A recent case in the national headlines has revived the debate over “stand your ground” laws, which in essence rescind any retreat requirement and allow innocent crime victims to repel force with appropriate force if attacked in any place where they have a right to be. There has been much confusion with the Stand Your Ground (SYG) principle and other legal rules, such as Castle Doctrine and Presumption of Reasonableness.
This past Monday, I had the privilege of participating in a forum at the headquarters of the libertarian Cato Institute in Washington, DC, addressing this matter. It can be found here: http://www.cato.org/event.php?eventid=9141
It opens with moderator Tim Lynch of Cato Institute giving an overview of the matter. Next, for twenty minutes each, we have historian Clayton Cramer explaining the origin and development of the laws and principles involved in the debate…me explaining why I consider the objections to SYG to each be somewhere between weak and bogus…and Steven Jansen, vice president of a prosecutors’ association, advocating that SYG laws be eliminated.
It’s all very civil, and very much worth an hour of your time, particularly if you keep or carry a firearm for defensive purposes.
(Early on, you’ll also get a reminder why it’s important to turn off your cell phone before people start recording…)
Your comments are very much welcome here.
I almost felt sorry for the prosecutor. Being third in the lineup, his prepared points had already been devasted by Mas and Clayton before he ever took the stand.
His measured assurances of “But that would never happen to innocent non-criminal folks” had already been met with multiple examples of where it was. His hypotheticals of criminals skating through loopholes had likewise been destroyed preemptively.
And he knew it; he took the podium with head held low, and never even pretended to pound the table.
Too bad for Mr. Jansen, you refuted all his arguments before he got to make them. He presents a weak case.
While Mr. Jansen does have some minor points, they’re points that can be raised after the passage of virtually any new law and before case law establishes the boundries of that law.
Much of his argument also seems dependent upon explicit part(s) of the Florida statute that may not exist in statutes in other states. That immunity allegedly protects from custody at the scene does present some potential situations where the shooter flat disappears. That singular possibility does not invalidate the intent of other laws.
The video is WELL WORTH watching. Although long, it is very interesting and contains a whole feast of food for thought. ANYBODY considering using a firearm as a tool for self defense should watch this one.
Protectionists don’t care about making sense.
They just want to disarm everyone.
Just speaking for the Stand Your Ground Law, I think it needs to stand as most of us on here feel and for very valid reasons. Before this law many people lost their lives hesitating, retreating and if they did not were criminally prosecuted.
Good job Mas defending the rights we all enjoy and need.
I particularly noticed how weak Mr. Jansen’s arguments for changes to the Stand Your Ground Law were.

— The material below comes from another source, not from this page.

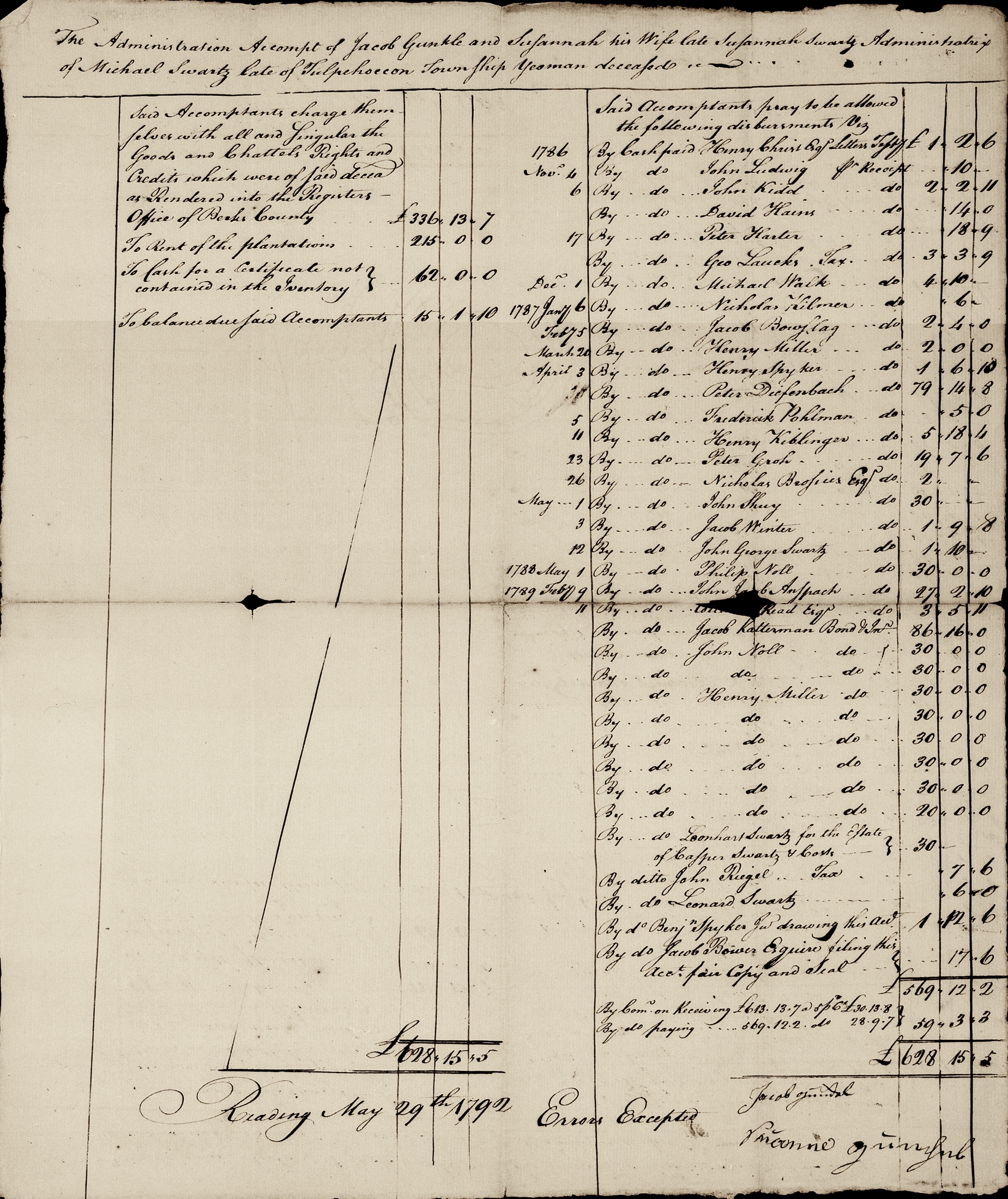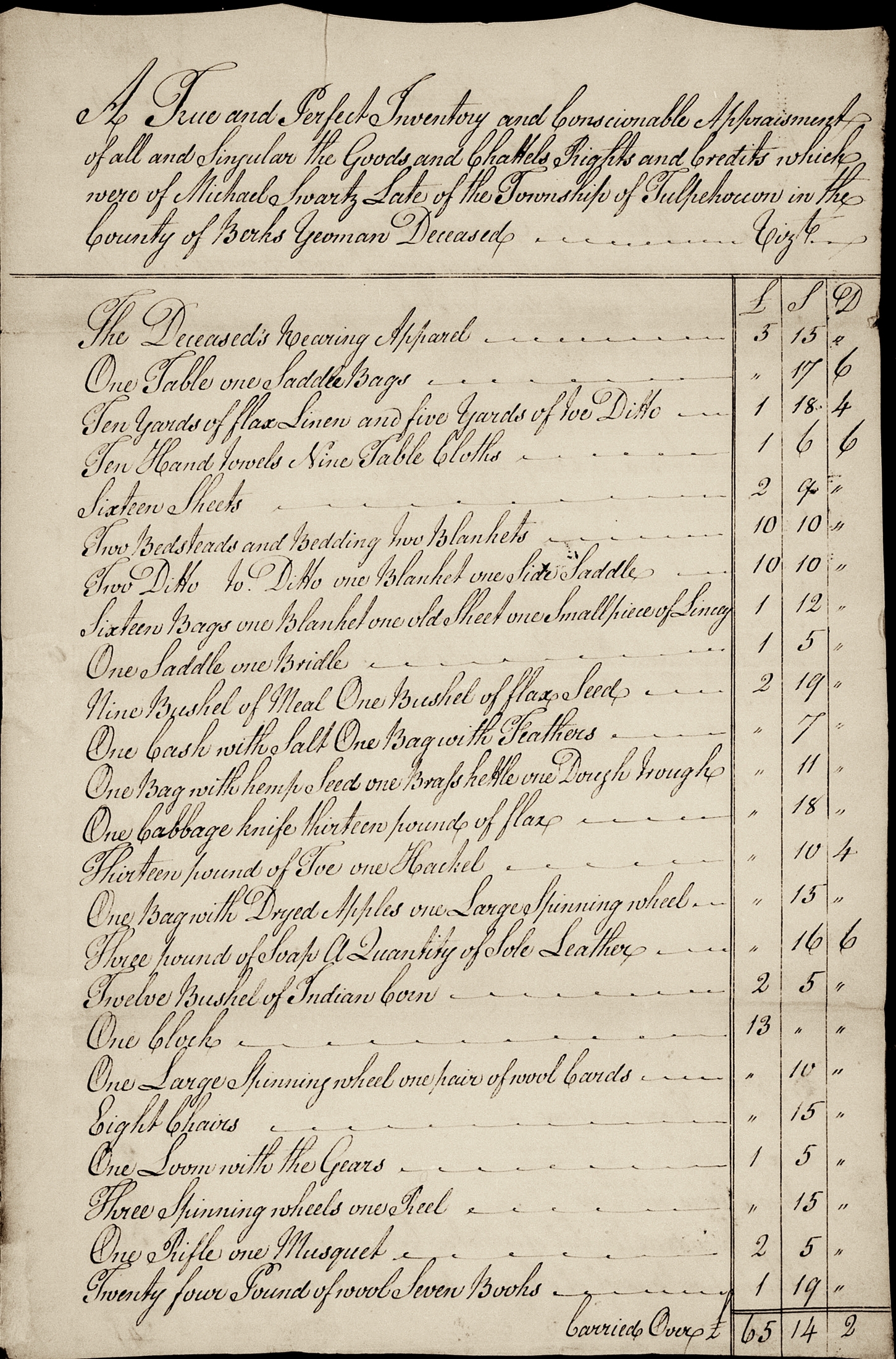 Extracted from Michael Schwartz's 1786 estate papers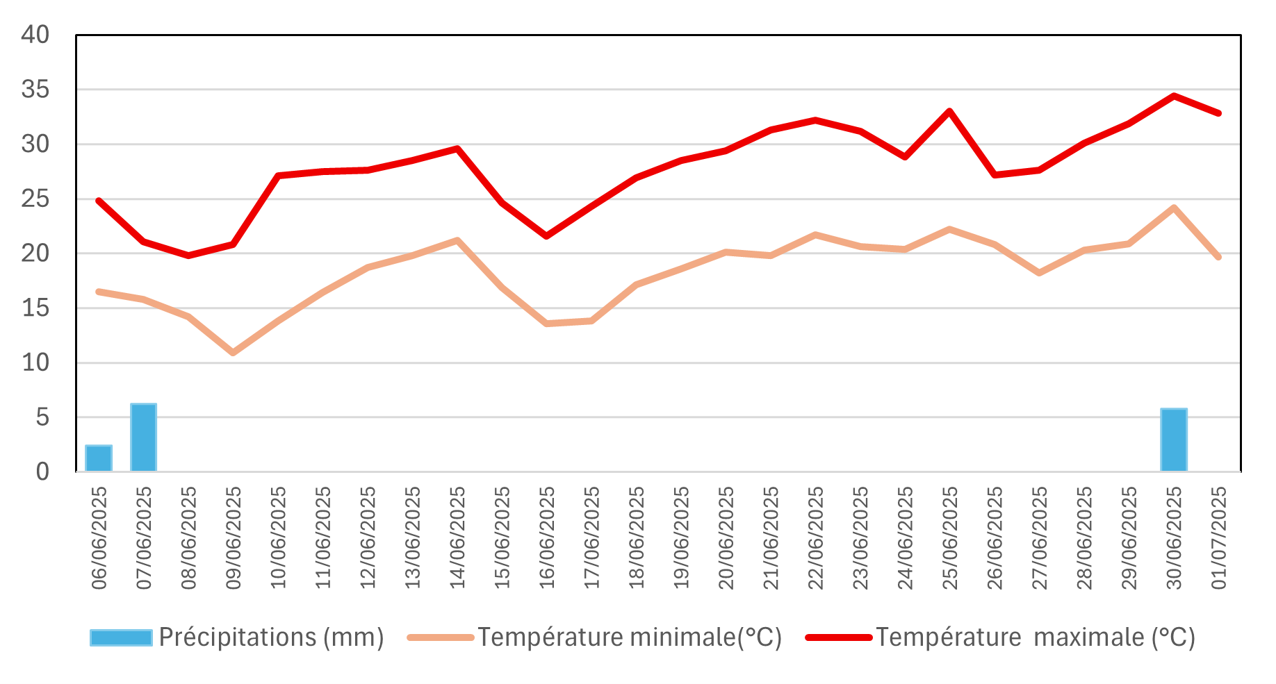 Source : Info-Climat – Juin et juillet 2025 – Station située à environ 15 km du rucher

When he talks about immunity from civil prosecution, he says not even law enforcement people have that luxury.
This may be true, but in our state, if an officer is found negligent etc. it is the tax payers that are on the hook for the
defense and any awards that may be made. If you as an individual were sued in civil court, even if the shooting was justified, your life will be ruined. It’s being called between a rock and a hard place.
Download the file to your hard drive and it will be easier to follow.
I kind of pity Mr. Jansen…. somewhat. He could have gotten up there and said, “I’ll present the alternate side, but what I am about to present has already been solidly refuted by the previous two speakers.”
But that would be just a bit too honest.
Well said, Mas!
Two things I cannot leave un said: 1. What was Mr. Jansen talking about? Perhaps some you understood his “legalism” ramblings, but with un cited references and poorly illustrated examples I could not follow nor do I understand most of his arguements. For a fellow that speaks in front of people (juries) who may not know all he “knows” he was a terrible communicator.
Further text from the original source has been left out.